ECC (Error-Correcting Code) memory detects and corrects single-bit errors (correctable, CE) and detects double-bit errors (uncorrectable, UE — usually causes kernel panic). Check with: edac-util -s (summary), edac-util -l (per-DIMM errors). Increasing CE counts on a DIMM indicate it is failing.

Remember: "Hot-swap = replace without downtime." Drives, power supplies, and fans are typically hot-swappable in servers. CPUs and RAM are not.

Number anchor: Google research found 8% of DIMMs experience at least one correctable error per year. ECC catches these silently.

2. What SMART attributes indicate a failing disk?

Show answer

Reallocated Sector Count (bad sectors remapped — increasing means drive is dying), Current Pending Sector Count (sectors waiting to be remapped), and Uncorrectable Error Count (read errors that could not be recovered). Check with: smartctl -a /dev/sda. Run self-test: smartctl -t short /dev/sda.

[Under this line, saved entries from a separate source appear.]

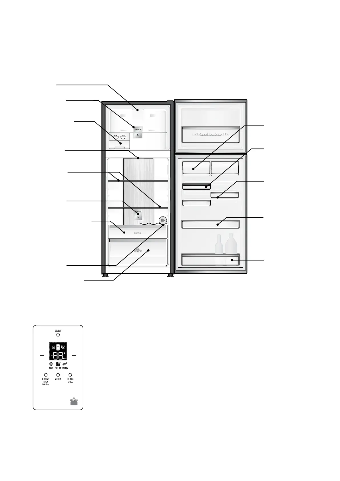 refrigerator and freezer compartments as well as setting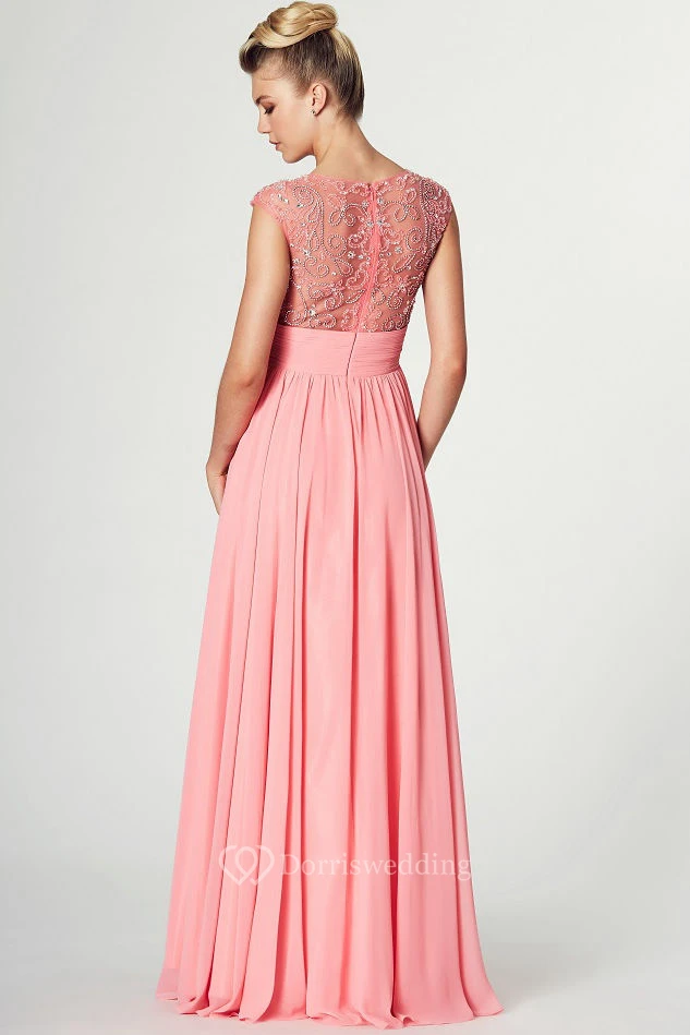 Ruched Scoop Neck Sleeveless Chiffon Prom Dress With Pleats And Beading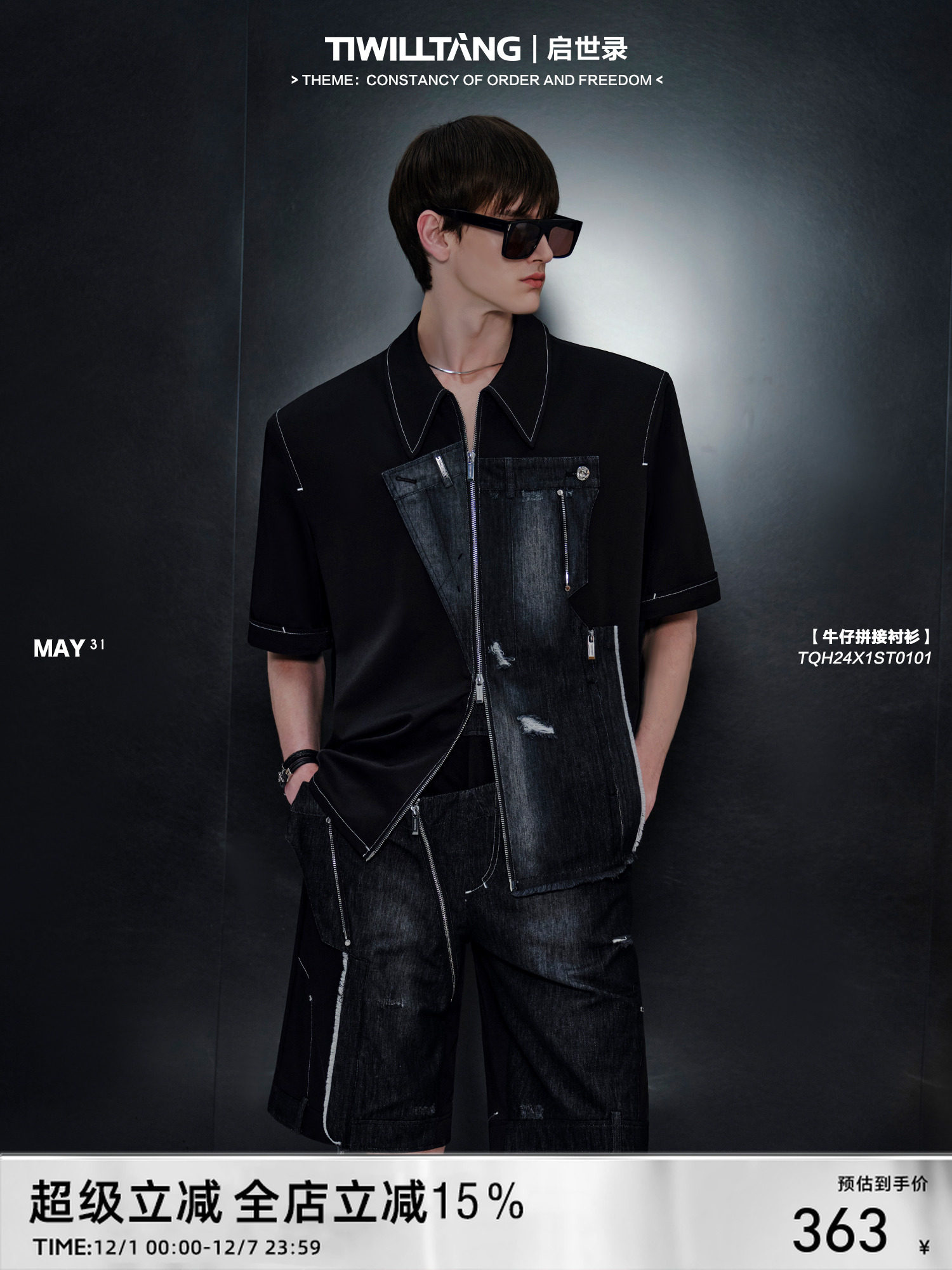 Qishilu Tiwilltang "Echo of Traces" Deconstructed Patchwork Shirt and Jeans Set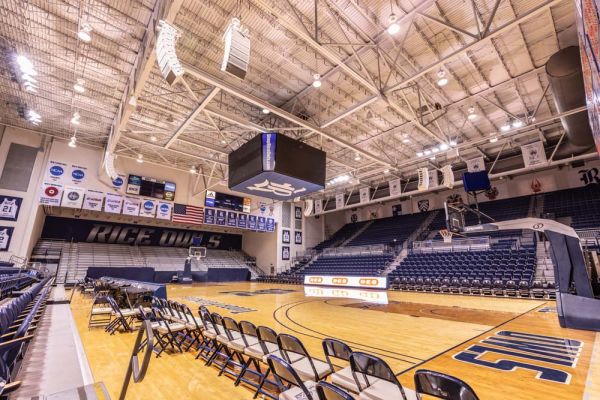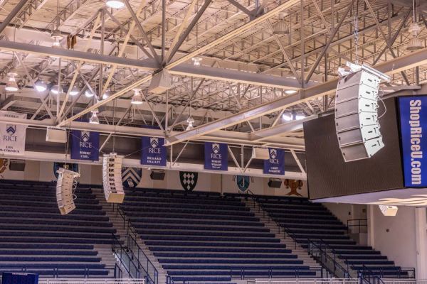 Rice University's Tudor Fieldhouse needed a major upgrade to their 5000+ seat multi-use gymnasium at their D1 facility. The new system needed to be able to handle NCAA basketball games, volleyball games, graduations, and private events in the space.

Remember: "Reallocated + Pending + Uncorrectable = the three horsemen." Any non-zero value warrants investigation.

3. How do you diagnose NIC hardware problems?

Show answer

ethtool eth0 (link status, speed, duplex), ethtool -i eth0 (driver, firmware), ethtool -S eth0 | grep -E "error|drop|miss|crc" (error counters). Increasing CRC errors indicate cable or hardware issues. Link flapping and rx/tx drops suggest a failing NIC.

Debug clue: Increasing CRC errors = bad cable or connector. rx_missed_errors = NIC ring buffer overflow (increase with ethtool -G).

4. What is NUMA and why does it matter for server performance?

Show answer

NUMA (Non-Uniform Memory Access) means each CPU socket has local memory that is faster to access than remote memory (other socket's memory). Applications should be pinned to use local memory. Check topology: numactl --hardware or lscpu | grep NUMA. Misaligned NUMA access causes latency.

Name origin: NUMA = Non-Uniform Memory Access. The alternative is UMA (Uniform Memory Access), which doesn\'t scale beyond ~4 sockets.

🔴 Hard (3)¶

1. What is an MCE and how do you investigate one?

Show answer

MCE (Machine Check Exception) is a CPU-reported hardware error. Uncorrectable MCEs cause kernel panics. Investigate: journalctl | grep -i "mce\|machine check", mcelog --client (if mcelog daemon runs). Common causes: failing DIMMs, CPU cache errors, overheating. Check edac-util for memory-related MCEs.

Name origin: MCE = Machine Check Exception. CPUs report internal hardware errors via this mechanism. Uncorrectable MCEs crash the system.

2. What causes CPU thermal throttling and how do you detect it?

Show answer

Throttling occurs when CPU exceeds thermal limits: failed fans, blocked airflow, ambient temperature too high (CRAC failure), dust buildup. Detect: sensors (lm-sensors), ipmitool sensor list | grep -i temp, cpupower frequency-info (check if frequency is reduced). Check dmesg for thermal throttling messages.

Number anchor: Most server CPUs throttle at 95-100°C. Each 10°C increase above design temp roughly doubles component failure rate.

3. What is the recommended workflow for diagnosing a suspected hardware issue?

Show answer

1. Check dmesg -T -l err,crit (MCE, I/O errors, link down). 2. Check ipmitool sel elist (BMC events). 3. Check smartctl -a /dev/sdX (disk health). 4. Check edac-util -s (memory errors). 5. Check ethtool -S eth0 (NIC errors). 6. Check ipmitool sensor list (thermal, voltage, fan). 7. Check vendor BMC UI (iDRAC/iLO) for detailed diagnostics.

Remember: "Outside-in: BMC logs → kernel logs → device-specific tools." Start with the broadest view (BMC) and narrow down.